* TASK PROMPT *
Check each line of the records below for the string "contact", then state how many lines contain it, with no other output.

* EXTRACTED INFORMATION *

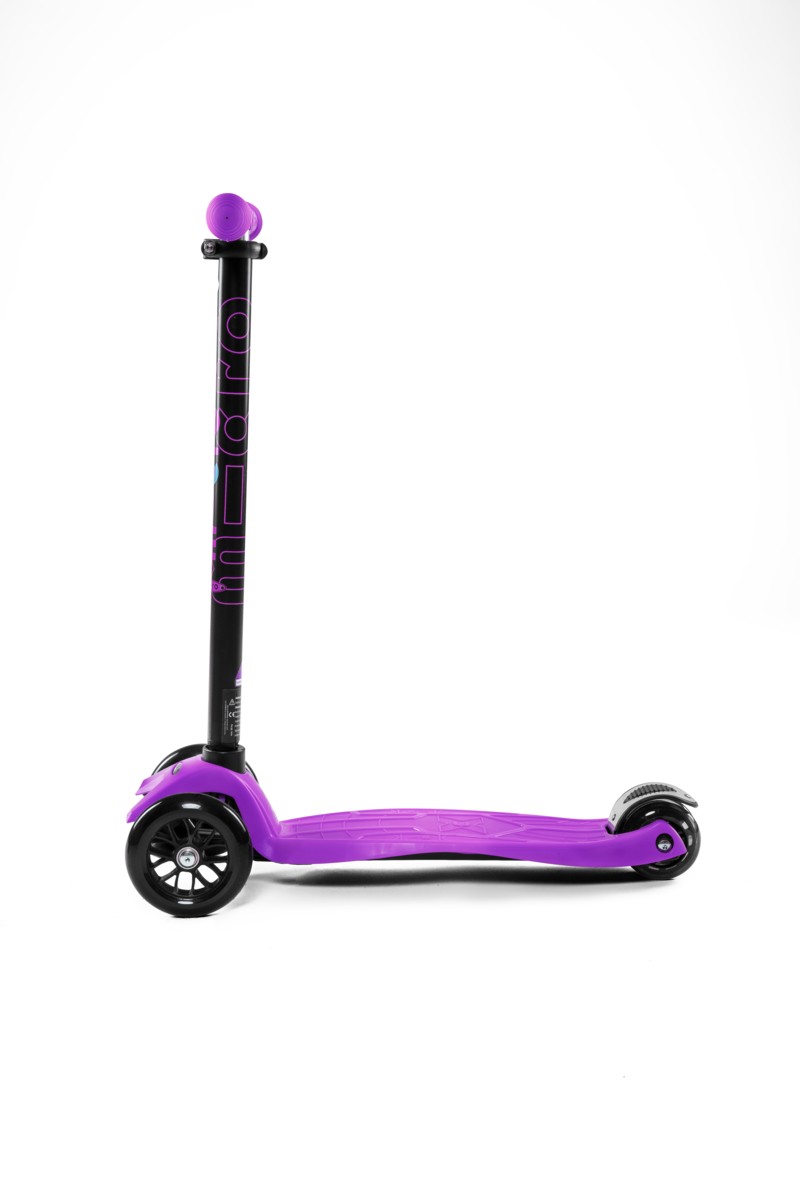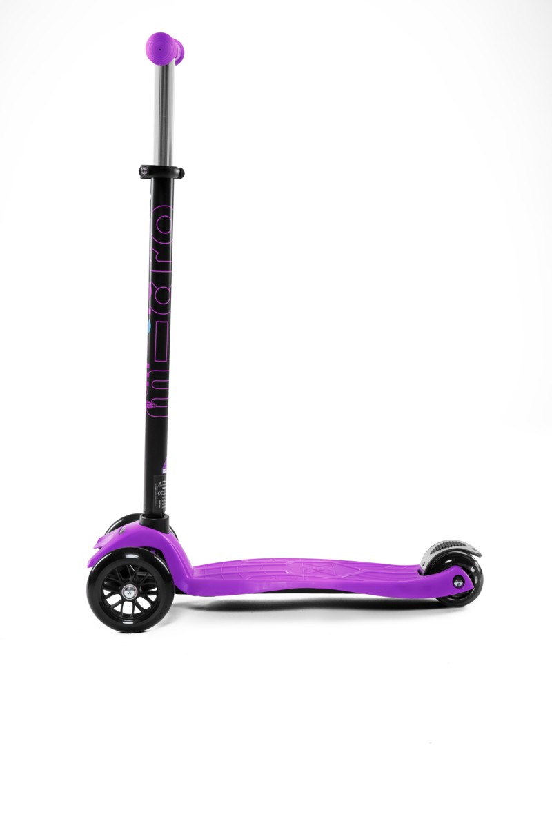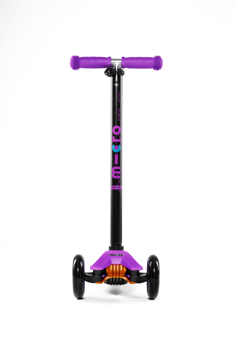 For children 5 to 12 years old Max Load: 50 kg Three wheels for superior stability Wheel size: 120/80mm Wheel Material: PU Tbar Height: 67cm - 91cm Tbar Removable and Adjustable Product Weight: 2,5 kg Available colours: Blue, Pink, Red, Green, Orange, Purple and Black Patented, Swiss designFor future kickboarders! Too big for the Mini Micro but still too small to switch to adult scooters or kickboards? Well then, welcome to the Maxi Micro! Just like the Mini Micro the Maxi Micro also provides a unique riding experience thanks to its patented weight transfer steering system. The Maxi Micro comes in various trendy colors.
--
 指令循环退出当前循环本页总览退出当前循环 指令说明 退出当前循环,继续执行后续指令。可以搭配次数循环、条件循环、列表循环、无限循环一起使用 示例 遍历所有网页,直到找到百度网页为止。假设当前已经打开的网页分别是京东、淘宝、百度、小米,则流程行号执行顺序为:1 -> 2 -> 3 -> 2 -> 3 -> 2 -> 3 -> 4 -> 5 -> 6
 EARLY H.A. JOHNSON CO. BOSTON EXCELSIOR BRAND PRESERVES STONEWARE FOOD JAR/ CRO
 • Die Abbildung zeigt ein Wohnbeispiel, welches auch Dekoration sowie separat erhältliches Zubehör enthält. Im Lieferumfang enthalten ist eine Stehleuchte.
* * *
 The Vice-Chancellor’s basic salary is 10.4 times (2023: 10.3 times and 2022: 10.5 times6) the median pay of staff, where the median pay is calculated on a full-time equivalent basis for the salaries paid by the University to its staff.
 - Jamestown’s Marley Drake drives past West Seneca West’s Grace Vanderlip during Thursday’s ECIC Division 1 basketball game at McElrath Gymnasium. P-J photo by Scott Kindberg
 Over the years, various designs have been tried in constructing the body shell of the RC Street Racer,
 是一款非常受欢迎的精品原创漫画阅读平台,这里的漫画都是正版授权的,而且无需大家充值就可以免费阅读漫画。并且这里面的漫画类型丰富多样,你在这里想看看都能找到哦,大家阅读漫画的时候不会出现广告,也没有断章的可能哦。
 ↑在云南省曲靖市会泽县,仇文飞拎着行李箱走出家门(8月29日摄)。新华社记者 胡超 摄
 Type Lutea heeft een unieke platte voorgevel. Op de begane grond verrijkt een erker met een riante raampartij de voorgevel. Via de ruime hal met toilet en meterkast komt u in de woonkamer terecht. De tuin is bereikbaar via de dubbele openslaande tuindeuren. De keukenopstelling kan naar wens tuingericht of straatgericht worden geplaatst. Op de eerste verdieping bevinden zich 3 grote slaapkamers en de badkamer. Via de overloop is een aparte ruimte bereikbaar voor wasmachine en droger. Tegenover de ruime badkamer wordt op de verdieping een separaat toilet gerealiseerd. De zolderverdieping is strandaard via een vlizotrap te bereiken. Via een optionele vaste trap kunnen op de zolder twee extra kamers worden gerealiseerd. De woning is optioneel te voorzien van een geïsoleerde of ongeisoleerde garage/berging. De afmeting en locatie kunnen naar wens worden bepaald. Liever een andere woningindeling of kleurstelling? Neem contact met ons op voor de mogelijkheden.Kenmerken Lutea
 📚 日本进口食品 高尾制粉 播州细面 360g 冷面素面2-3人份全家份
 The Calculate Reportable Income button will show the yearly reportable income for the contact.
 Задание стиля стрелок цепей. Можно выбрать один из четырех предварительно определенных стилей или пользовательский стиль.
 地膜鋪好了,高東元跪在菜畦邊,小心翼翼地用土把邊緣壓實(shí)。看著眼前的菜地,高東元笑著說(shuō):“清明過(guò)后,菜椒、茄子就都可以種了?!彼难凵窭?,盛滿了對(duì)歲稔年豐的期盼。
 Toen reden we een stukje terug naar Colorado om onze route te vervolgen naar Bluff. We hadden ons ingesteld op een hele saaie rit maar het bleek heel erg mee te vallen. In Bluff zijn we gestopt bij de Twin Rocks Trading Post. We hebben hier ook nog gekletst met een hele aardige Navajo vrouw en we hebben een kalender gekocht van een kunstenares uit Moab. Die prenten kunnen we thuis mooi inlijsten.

* EXPECTED ANSWER *
2